Dietary habits of the study population using a food item-based tree

We investigated the association of GI symptom severity and patterns with diet and the gut metagenome in 52 healthy controls and 149 individuals with IBS (Table 1). The IBS symptoms were severe, according to the IBS Severity Scoring System (IBS-SSS) [23], in 65 of the 149 individuals with IBS. A 4-day food diary was obtained from 142 subjects (26 healthy controls and 49 individuals with severe IBS). Dietary macronutrients and micronutrients identified as consumed differentially between individuals with IBS and healthy controls or between patients with severe IBS symptoms and other individuals (healthy or non-severe, i.e., mild/moderate IBS symptoms) did not remain significant after correction for multiple testing (Fig. S1 and S2). This suggests that dietary data, aggregated at the micro- and macronutrients levels, differ neither between individuals with IBS and healthy controls nor between IBS patients with different levels of symptom severity.

Table 1

Characteristics of the study cohort

	Healthy controls	Individuals with IBS
N	52	149
Female	32 (62%)	105 (70%)
Age (year)	28 [26–37]	31 [25–43]
BMI (kg/m2)	22.4 [20.65–24.50]	22.39 [20.64–24.95]
Mild IBS symptoms (IBS-SSS)	N/A	24 (16%)
Moderate IBS symptoms (IBS-SSS)	N/A	50 (34%)
Severe IBS symptoms (IBS-SSS)	N/A	65 (44%)
Gut metagenomic profile only	26 (50%)	33 (22%)
Dietary profile only	16 (31%)	47 (32%)
Gut metagenomic and dietary profiles	10 (19%)	69 (46%)

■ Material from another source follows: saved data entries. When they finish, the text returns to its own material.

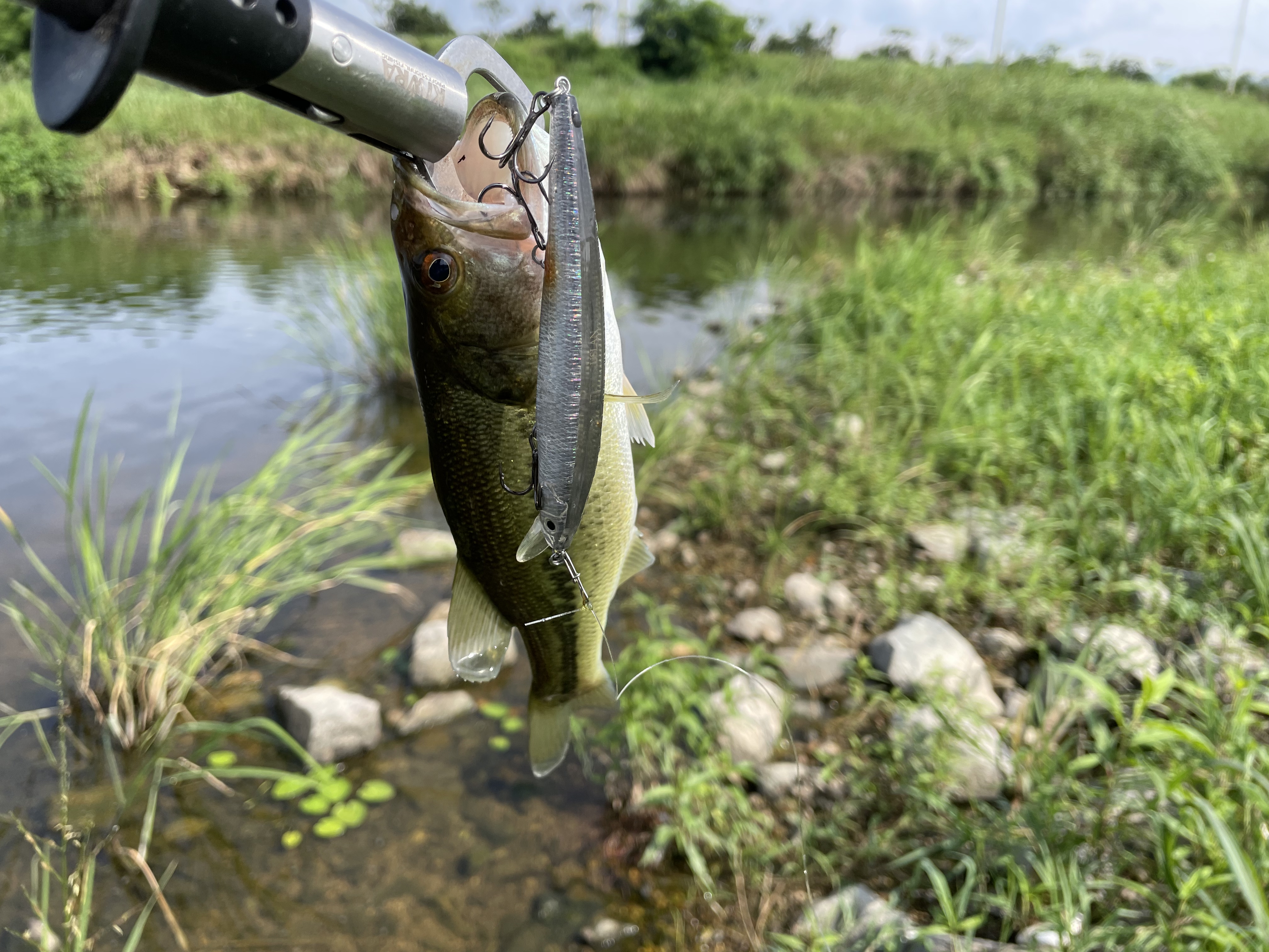 돌아 나오면서 노싱커로 보 아래쪽 수면을 긁어 짜치배스를 한 마리 더 만나고,,,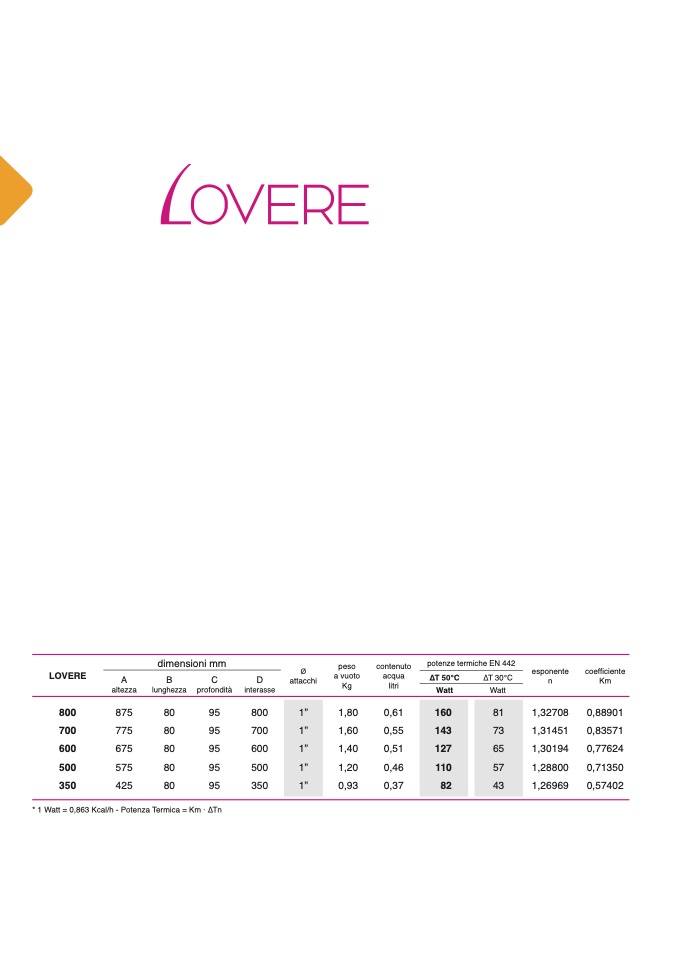 * 1 Watt = 0,863 Kcal/h - Potenza Termica = Km · ∆T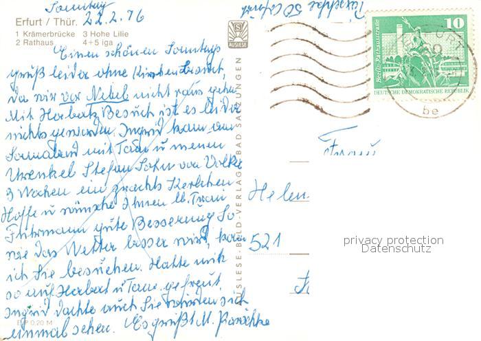 73146035 alte Postkarte Erfurt Kraemerbruecke Hohe Lilie Historisches Gebaeude Rathaus iga Gartenbauausstellung postalisch gelaufen Erhaltung siehe scans [FriedD77] KatCode: 11110016051000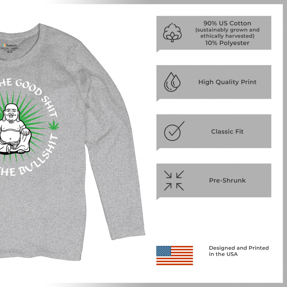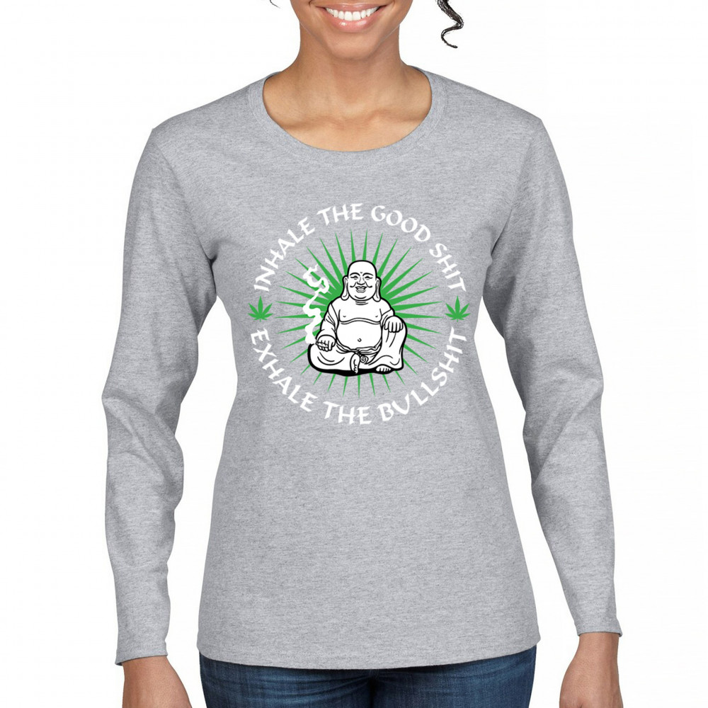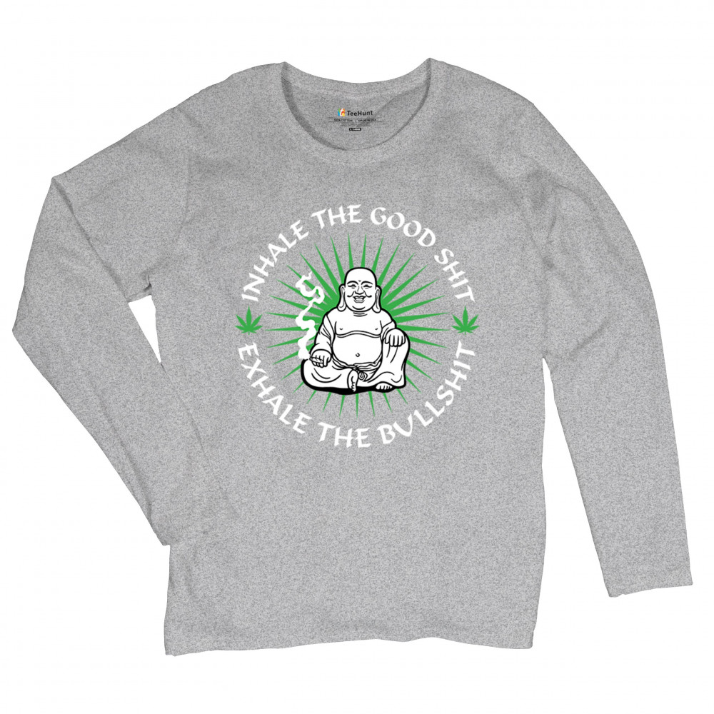 This hilarious and zen-inspired design features a happy Buddha with a joint, surrounded by cannabis leaves. “Inhale the Good Shit, Exhale the Bullshit†delivers chill stoner wisdom with a wink. Ideal for mindful marijuana lovers, 420 fans, or spiritual rebels with a sense of humor and a love for weed.

BMI, body mass index; IBS-SSS, IBS Severity Scoring System; N/A, not applicable; dasta are shown as n (percentage) or median [interquartile range]. IBS-SSS was not available for 10 IBS patients

Next, we assembled a food item tree, similar to that used by Johnson et al. [5], clustering food items based on nutritional content rather than the food item itself (see Material and methods section, “Hierarchical food tree and UniFrac analysis”). Participants consumed 966 different food items in total, which were aggregated into three hierarchical levels, based on the National Swedish food database, to build a hierarchical tree. A fourth level based on nutrient composition was also added, resulting in 85 food-nutrient groups (Fig. 1a and Table S1). The unweighted UniFrac distance between individuals was calculated using the four hierarchical levels of dietary data and subjected to principal coordinate analysis (PCoA) (Fig. 1b). Based on Spearman’s correlation coefficient, the four hierarchical food levels, including food-nutrient groups, could be projected onto principal coordinate axes 1 and 2 (PCoA1 and PCoA2). PCoA1 (7.9% of total variance) was associated with separating individuals according to their consumption of meat-based and plant-based food items (Fig. 1b). Further, PCoA2 (6.1% of total variance) separated individuals based on their consumption of unprocessed food items, such as fish and eggs, and processed food items, such as candy and fried potato products. Following the integration of selected clinical variables into the analysis, PCoA1, which was driven by meat-based and plant-based food items, was associated with sex (Fig. 1c, Mann–Whitney test, p < 0.05). PCoA2 tended to be associated with IBS severity, indicating that unprocessed and processed foods were associated with IBS symptom severity (Fig. 1d, Mann-Whitney test, p = 0.06). A meat-to-plant ratio was calculated for each subject, based on the aggregation of food items into these two categories (Table S2). PCoA1 was significantly associated with the meat/plant ratio (Fig. 1e, rho = − 0.62, p < 0.05), suggesting that the proportion of meat-based food relative to plant-based food was the major driver of dietary variation between subjects in our cohort.

Fig. 1

Quantity and quality assessment for dietary profiles and analyses of associations with gastrointestinal symptom severity. a Food item-based hierarchical tree based on the National Swedish food database and nutrient-based clustering. b Principal coordinate analysis of unweighted UniFrac distance between the dietary profiles of individuals. Food levels were projected onto the two first coordinates (PCoA1 and PCoA2) based on Spearman’s correlation analyses (see Supp Table 1 for the terminology of food level 4). Colors indicate the sex of the individual and the shape of the point indicates health status. c PCoA1 as a function of sex (p < 0.05). d PCoA2 as a function of IBS symptom severity (p = 0.06). e Log2 meat/plant ratio as a function of PCoA1 (rho = − 0.62, p < 0.05). The color gradient extends from red (all meat) to green (all plant-based foods). f FSA-NPS diet index as a function of PCoA2 (rho = 0.24, p < 0.05). g Prevalence of food items per meal as a function of FSA-NPS food quality and health status. Class A corresponds to high-quality food, whereas class E corresponds to low-quality food (p < 0.05)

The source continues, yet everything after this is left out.